> PROBLEM STATEMENT: Your reply should reproduce the data below without a single alteration, apart from dropping the images.
── DATA PROVIDED ──
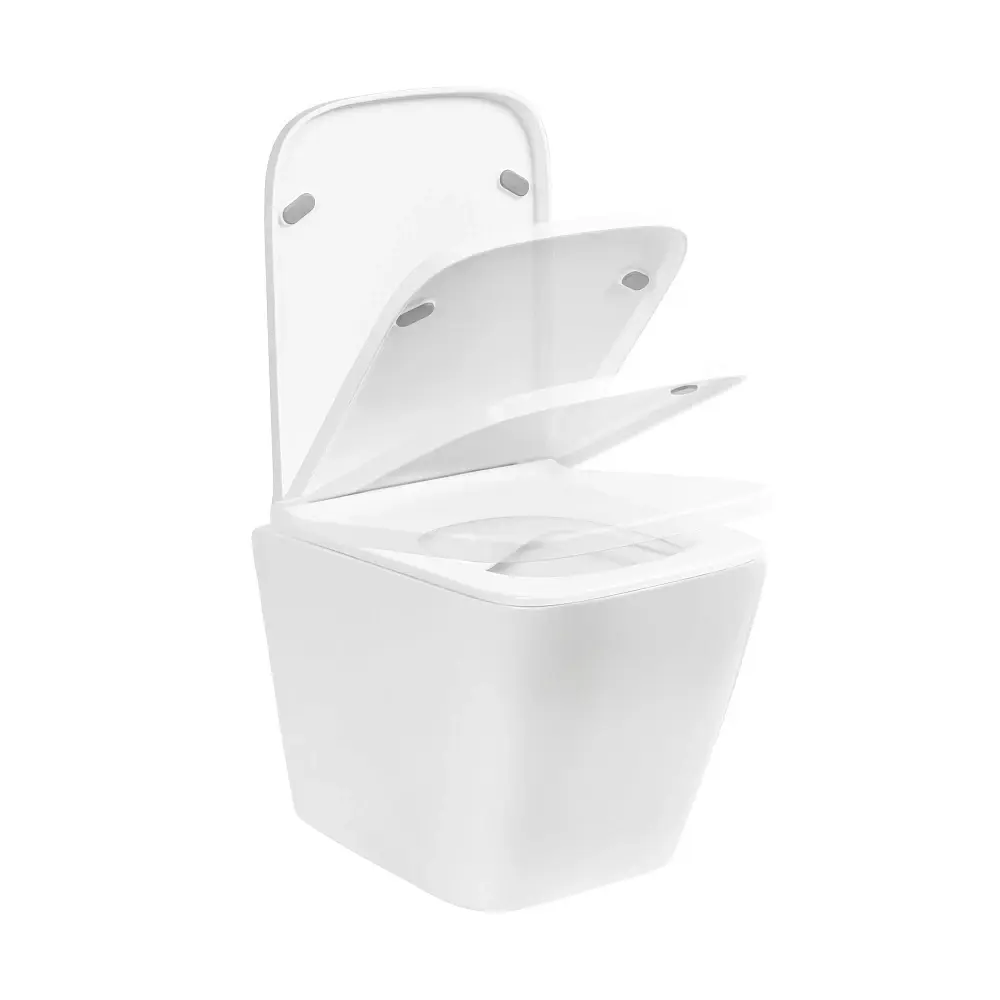 - • Сиденье из дюропласта с микролифтом позволяет плавно опускать крышку.
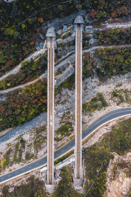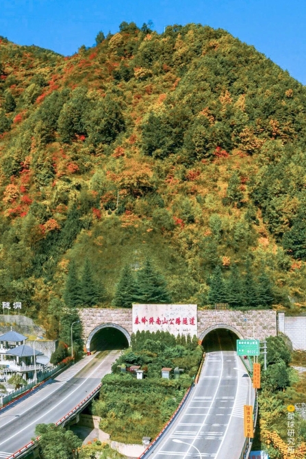 (请横屏观看,三座隧道组成的秦岭隧道群,摄影师@魏炜)
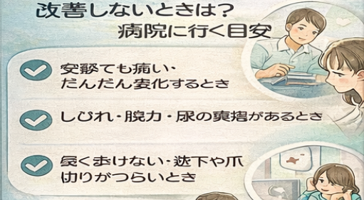 手足ではなくても、脚のしびれ、力の入りにくさ、尿や便の異常がある場合は注意が必要です。腰由来の神経症状が関係していることもあり、自己判断で様子見を続けないほうが安心です。こうした症状は、整形外科で早めに相談したいサインと考えられています。
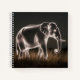 Luminous Elephant Silhouette, a photograph of a silhouette of a luminous elephant. The elephant's body is illuminated, with the light highlighting the majestic height of its trunk and the arch of its back. The elephant is standing in a field of tall grasses, which are also illuminated. The background is a solid black. The lighting creates a sense of grandeur.
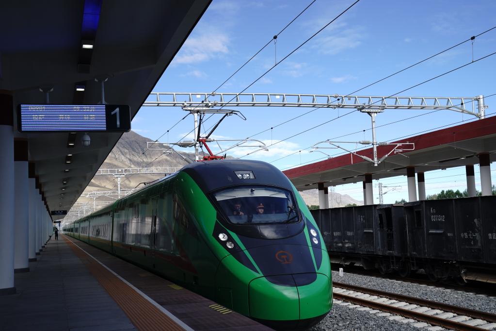 拉林鐵路動車組——我國首創(chuàng)的“油電混合”高原動車。復(fù)興號高原內(nèi)電雙源動車組,是我國在鐵路裝備技術(shù)高速發(fā)展的基礎(chǔ)上取得的最新成果。它運(yùn)用全球首創(chuàng)的“內(nèi)燃+電力”雙動力牽引模式,可實(shí)現(xiàn)全程牽引順暢不換車,多項技術(shù)填補(bǔ)了行業(yè)空白,展示了“中國創(chuàng)新”的成就。
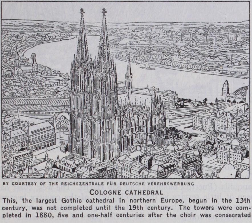 The Gurzenich was a former meeting-place of the diets of the Holy Roman empire and built between 1441 and 1447. The ground floor was in 1875 converted into a stock exchange, and the upper hall utilized for public festivities. The Rathaus (I 3th century) has beautiful Gobelin tapestries. The Tempelhaus, the seat of the patrician family of Overstolzens, is a building of the 13th century, now the chamber of commerce. There is also the Wallraf-Richartz museum, with a collection of paintings by Italian and Dutch masters ; the Zeughaus, built on Roman foundations ; and the municipal library and archives. The Wolkenburg, a Gothic house of the 15th century, was restored in 1874. Near the cathedral is a museum of church antiquities. Cologne has numer ous educational institutions including a new high school for music, on university lines, subsidised by the municipality, the province and the Prussian state. The number of students is limited to 500. The municipal theatre (Stadttheater) is famed for its operatic productions.
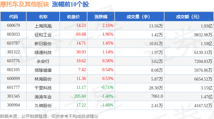 证券之星消息,11月17日摩托车及其他板块较上一交易日下跌2.56%,九号公司领跌。当日上证指数报收于3972.03,下跌0.46%。深证成指报收于 13202.0,下跌0.11%。摩托车及其他板块个股涨跌见下表: | 代码 | 名称 | 收盘价 | 涨跌幅 | 成交量(手) | 成交额(元) | | | --- | --- | --- | --- | --- | --- | --- | | 600679 | 上海凤凰 | 14.23 | 2.15% | 13.56万 | | 1.93亿 | | 003033 | 征和工业 | 69.68 | 1.96% | 1.42万 | | 9832.98万 | | 603787 | 新日股份 | 14.71 | 1.45% | - 10.81万 | | 1.59亿 | | 301322 | 绿通科技 | 30.93 | 1.14% | 1.97万 | | 6139.33万 | | 603776 | 永安行 | 19.62 | 0.56% | 3.62万 | | 7204.03万 | | 002105 | 信隆健康 | 7.42 | 0.54% | 8.08万 | | 5 ...
───
> SOLVED PROBLEM:
 - • Сиденье из дюропласта с микролифтом позволяет плавно опускать крышку.
 (请横屏观看,三座隧道组成的秦岭隧道群,摄影师@魏炜)
 手足ではなくても、脚のしびれ、力の入りにくさ、尿や便の異常がある場合は注意が必要です。腰由来の神経症状が関係していることもあり、自己判断で様子見を続けないほうが安心です。こうした症状は、整形外科で早めに相談したいサインと考えられています。
 Luminous Elephant Silhouette, a photograph of a silhouette of a luminous elephant. The elephant's body is illuminated, with the light highlighting the majestic height of its trunk and the arch of its back. The elephant is standing in a field of tall grasses, which are also illuminated. The background is a solid black. The lighting creates a sense of grandeur.
 拉林鐵路動車組——我國首創(chuàng)的“油電混合”高原動車。復(fù)興號高原內(nèi)電雙源動車組,是我國在鐵路裝備技術(shù)高速發(fā)展的基礎(chǔ)上取得的最新成果。它運(yùn)用全球首創(chuàng)的“內(nèi)燃+電力”雙動力牽引模式,可實(shí)現(xiàn)全程牽引順暢不換車,多項技術(shù)填補(bǔ)了行業(yè)空白,展示了“中國創(chuàng)新”的成就。
 The Gurzenich was a former meeting-place of the diets of the Holy Roman empire and built between 1441 and 1447. The ground floor was in 1875 converted into a stock exchange, and the upper hall utilized for public festivities. The Rathaus (I 3th century) has beautiful Gobelin tapestries. The Tempelhaus, the seat of the patrician family of Overstolzens, is a building of the 13th century, now the chamber of commerce. There is also the Wallraf-Richartz museum, with a collection of paintings by Italian and Dutch masters ; the Zeughaus, built on Roman foundations ; and the municipal library and archives. The Wolkenburg, a Gothic house of the 15th century, was restored in 1874. Near the cathedral is a museum of church antiquities. Cologne has numer ous educational institutions including a new high school for music, on university lines, subsidised by the municipality, the province and the Prussian state. The number of students is limited to 500. The municipal theatre (Stadttheater) is famed for its operatic productions.
 证券之星消息,11月17日摩托车及其他板块较上一交易日下跌2.56%,九号公司领跌。当日上证指数报收于3972.03,下跌0.46%。深证成指报收于 13202.0,下跌0.11%。摩托车及其他板块个股涨跌见下表: | 代码 | 名称 | 收盘价 | 涨跌幅 | 成交量(手) | 成交额(元) | | | --- | --- | --- | --- | --- | --- | --- | | 600679 | 上海凤凰 | 14.23 | 2.15% | 13.56万 | | 1.93亿 | | 003033 | 征和工业 | 69.68 | 1.96% | 1.42万 | | 9832.98万 | | 603787 | 新日股份 | 14.71 | 1.45% | - 10.81万 | | 1.59亿 | | 301322 | 绿通科技 | 30.93 | 1.14% | 1.97万 | | 6139.33万 | | 603776 | 永安行 | 19.62 | 0.56% | 3.62万 | | 7204.03万 | | 002105 | 信隆健康 | 7.42 | 0.54% | 8.08万 | | 5 ...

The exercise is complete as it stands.